If you are a fan of asparagus, you might like Raspberry Asparagus.
SOME THINGS TO KNOW:
- Arborio rice is an Italian short grain rice. It has a high starch content and when it is cooked, it releases the starch and results in a firm, creamy rice.
- Arborio rice is more expensive than most rice and is sometimes not readily available. If you cannot find it you can substitute any kind of short or medium grain rice. It will not be exactly the same but it will work.
- Do not use long grain rice in this recipe. Long grain rice does not have enough starch content and you will not get a creamy risotto.
- Lemon Asparagus Risotto is best served when it has just been made.
- Risotto should not be frozen. The rice can become hard and grainy in the freezing process.
- You can keep leftovers in in airtight container in the refrigerator for up to 5 days. To reheat it, place it into a saucepan over low heat with vegetable broth that is about one quarter of the amount of the rice. Let it heat slowly, stirring occasionally until it is heated through.
Lemon Asparagus RisottoPrint This
- 1 tablespoon butter
- 1 tablespoon olive oil
- 1 small shallot, minced
- 2 cloves garlic, minced
- 1 cup arborio rice
- ½ cup white wine
- 1 teaspoon lemon juice
- 2 teaspoons lemon zest
- 4 cups vegetable broth
- I cup fresh asparagus, cut into 1” pieces
- ¼ cup parmesan cheese, grated
Place the vegetable broth into a medium size saucepan over high heat. Heat it until it comes to a boil. Turn the heat to the low setting. You will need to keep the broth warm during the entire process of making the risotto.
Add the butter and olive oil to a large saucepan over medium low heat.
Once the butter has melted add the shallots and garlic to the pan and cook, stirring occasionally for 2 minutes.
Add the rice to the pan and stir to make sure that it is evenly coated with the butter mixture. Cook stirring often for 1 minute.

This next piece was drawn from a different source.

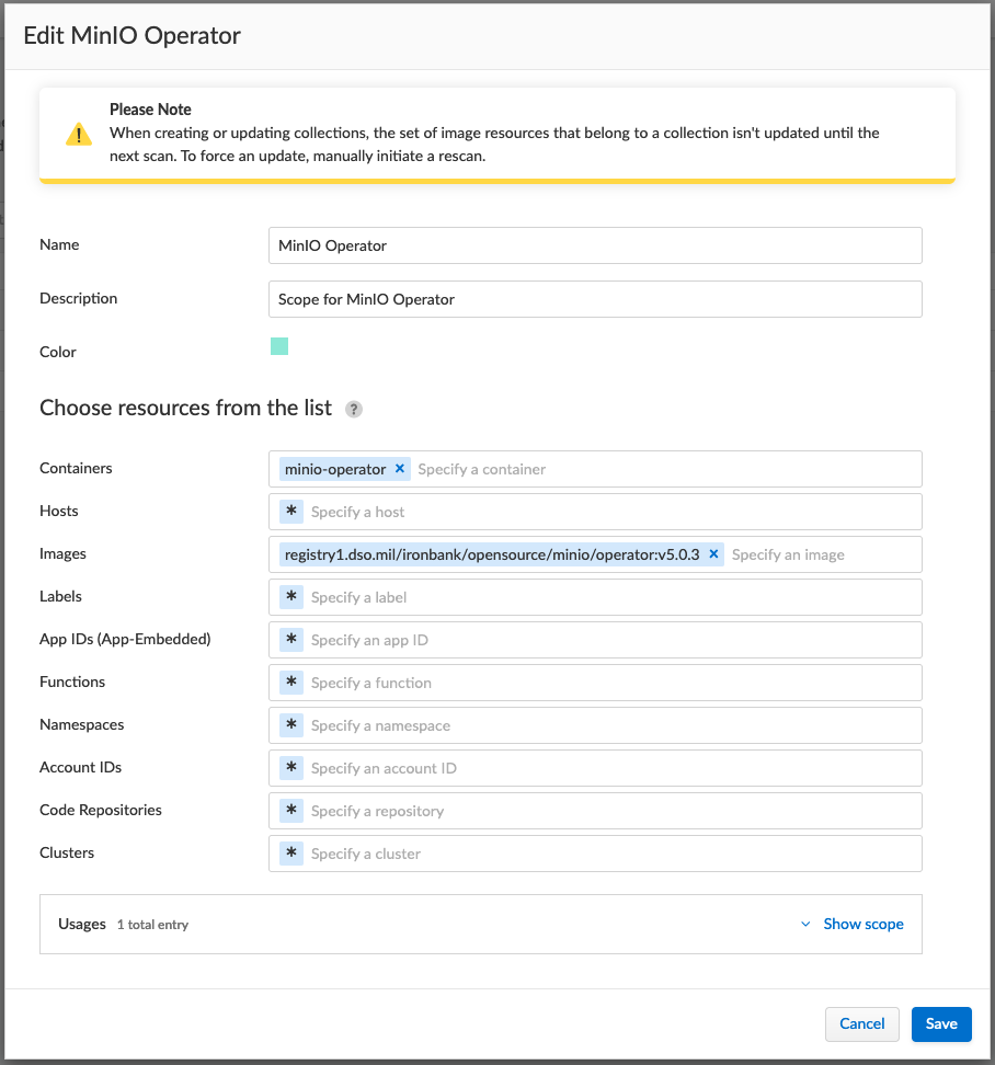- Fill out the resulting form, defining containers, hosts, etc. to configure your new scope.

Add the wine, lemon juice and lemon zest to the pan and cook stirring almost constantly until it is completely absorbed into the rice.
Add ½ cup of the warm vegetable broth to the rice and stir until it has been completely absorbed. Continue the process, adding ½ cup of the broth at a time and stirring it until the broth is completely absorbed. You will be doing this until all of the broth has been added to the rice. This will take just about 18 minutes.
When you are down to your last cup of broth to be added, stir the asparagus into the rice so it can cook.
When all of the broth has been added and absorbed, stir in the parmesan cheese. Serve.